Si j’avais une fille un jour, je pourrais finir par être aussi ennuyeux que Neusch. J’avais entendu dire que les pères ne pouvaient pas résister à l’envie de protéger leurs petites filles attachantes, même si je ne ressentais pas encore cela.
« Oh, Maître Hiro, regarde ! La petite Elma était adorable ! »
« Hé ! »
« Chéri, il faut que tu regardes aussi celle-là. Elle est trop mignonne. »
« Elle était comme une petite poupée. »
Les filles m’appelaient, alors j’avais laissé les gars derrière moi et j’étais allé regarder les jolies photos de bébé d’Elma.
« A -Attends ! Ne fais pas ça ! Hiro, ne regarde pas ! »
« Ah, est-ce que quelqu’un est gêné ? »
« Laissez-moi partir ! »
Elma avait essayé de se précipiter pour m’arrêter, mais une des femmes de Willrose l’avait attrapée et l’avait empêchée de bouger. Je n’avais jamais eu l’occasion de regarder ces photos lors de notre dernière visite. C’était l’occasion ou jamais.
« Tu vois ? Regarde, Maître Hiro ! »
« Wow », avais-je dit. « C’était vraiment une enfant mignonne. »
La photo de la jeune Elma affichée sur la tablette de Mimi était la définition même de l’adorable.
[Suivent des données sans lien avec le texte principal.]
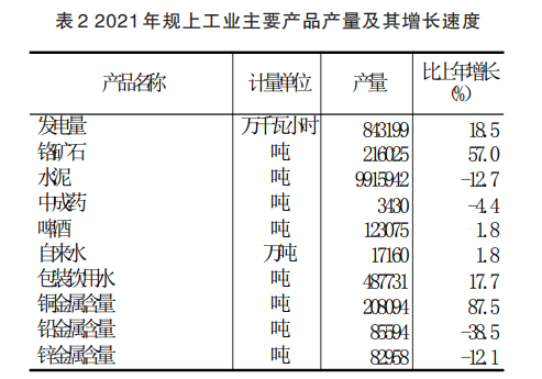 全年規(guī)模以上工業(yè)企業(yè)水泥產(chǎn)量991.59萬噸,比上年下降12.7%;鉻礦石21.60萬噸,增長57.0%;中成藥(藏醫(yī)藥)3430噸,下降4.4%;自來水1.72萬噸,增長1.8%;發(fā)電量84.32億千瓦時,增長18.5%;啤酒12.31萬噸,下降1.8%;包裝飲用水48.77萬噸,增長17.7%。

Elle avait des cheveux argentés, soyeux, longs jusqu’aux épaules, et d’adorables yeux ronds. La robe de princesse à froufrous qu’elle portait était tout simplement trop mignonne pour être supportée.
« Je parie que ces vêtements t’iraient encore bien. »
« Elma a effectivement des caractéristiques élégantes. »
« Bonne idée », avais-je accepté. « On lui offrira une robe comme ça un de ces jours. »
« Et si on essayait les magasins où tu m’as acheté des vêtements ? » proposa Mimi.
Hmm ? Maintenant que j’y pense, Mimi et moi étions allés dans un endroit comme celui-là lors d’un rendez-vous. Mais elle ne portait pas ces jolis vêtements gothiques de style Lolita à moins que je ne le lui demande, même si je m’étais donné la peine de les acheter… Je ne vais pas la forcer si elle n’aime pas elle-même ça.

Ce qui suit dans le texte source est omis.